These young Long Island immigrants are legally shielded from deportation. ICE is arresting them anyway.
Illustration by Neville Harvey
The 20-year-old neuroscience major thought she was doing everything right.
She dutifully attended virtual court hearings during the pandemic to get a judge to find she'd been abandoned by her father in Honduras. In high school she became a certified nurse assistant. She consistently checked in with her immigration lawyer.
The young woman from Uniondale came to the United States at 13 and reunited with her mom after bullying in her home country, where she was raised by her maternal grandmother.
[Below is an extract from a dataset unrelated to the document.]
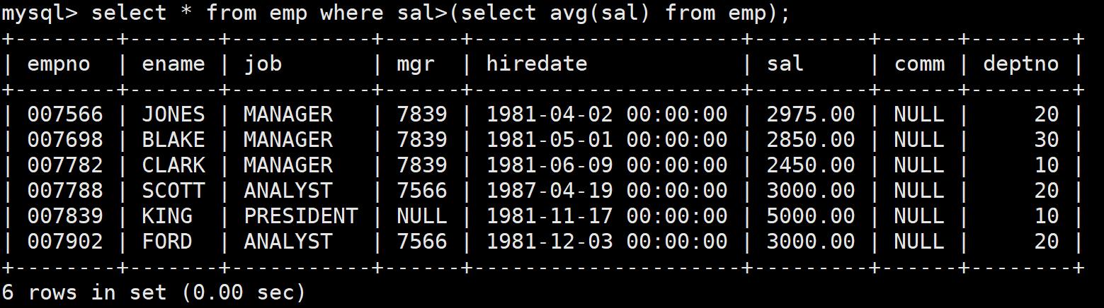 注:目前全部的子查询,全部都在where子句中,充当判断条件。任何时刻,查出来的临时结构,本质在逻辑上也是表结构。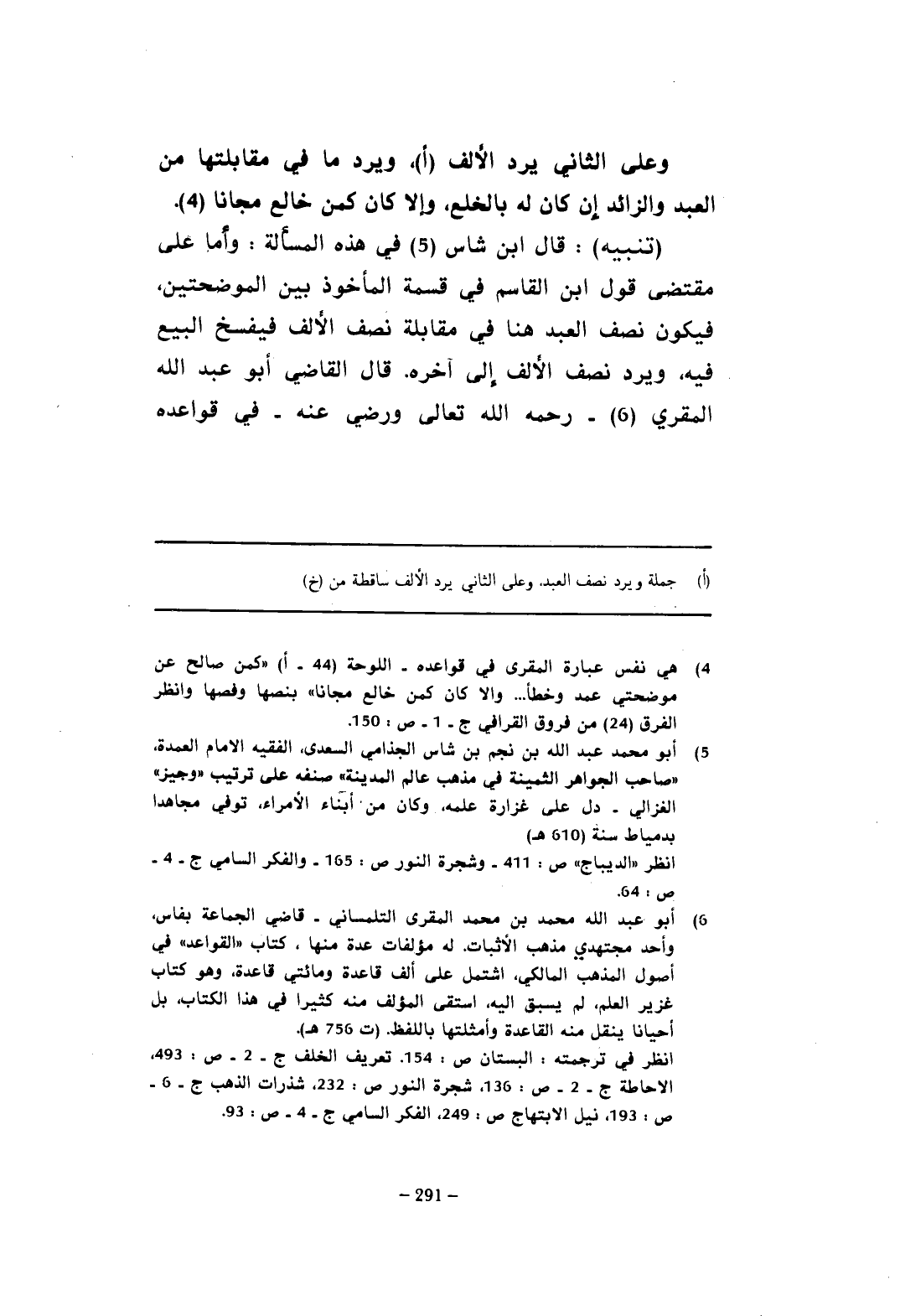 (¬6) أبو عبد الله محمد بن محمد المقري التلمساني- قاضي الجماعة بفاس، وأحد مجتهدي مذهب الأثبات. له مؤلفات عدة منها، كتاب "القواعد" في أصول المذهب المالكي، اشتمل على ألف قاعدة ومائتي قاعدة، وهو كتاب غزير العلم، لم يسبق إليه، استقى المؤلف منه كثيرا في هذا الكتاب، بل أحيانا ينقل منه القاعدة وأمثلتها باللفظ. (ت 756 هـ).

She secured a humanitarian protection for vulnerable young immigrants and enrolled in college upstate — something she previously thought impossible — with a scholarship.
Now she's afraid to leave campus to go to Target or stroll the aisles at Walmart.
WHAT NEWSDAY FOUND
- ICE this year has detained at least a dozen young people locally with a special immigration status that protected them from deportation. The men, all of whom are from Central American countries, were released after challenging their detentions in court.
- The agency last year deported 132 people nationally with this status.
- Special Immigrant Juvenile Status applications have exploded in recent years. Roughly 78,000 people under the age of 21 applied nationally during the last fiscal year, up from 11,500 in 2015.
The college sophomore, who did not want to be named for fear of deportation, is among thousands of young immigrants nationwide with Special Immigrant Juvenile Status, a federal protection for young people who were abused, abandoned or neglected by at least one parent. Previously, the status shielded recipients from deportation while they waited to apply for legal permanent status, also known as a green card.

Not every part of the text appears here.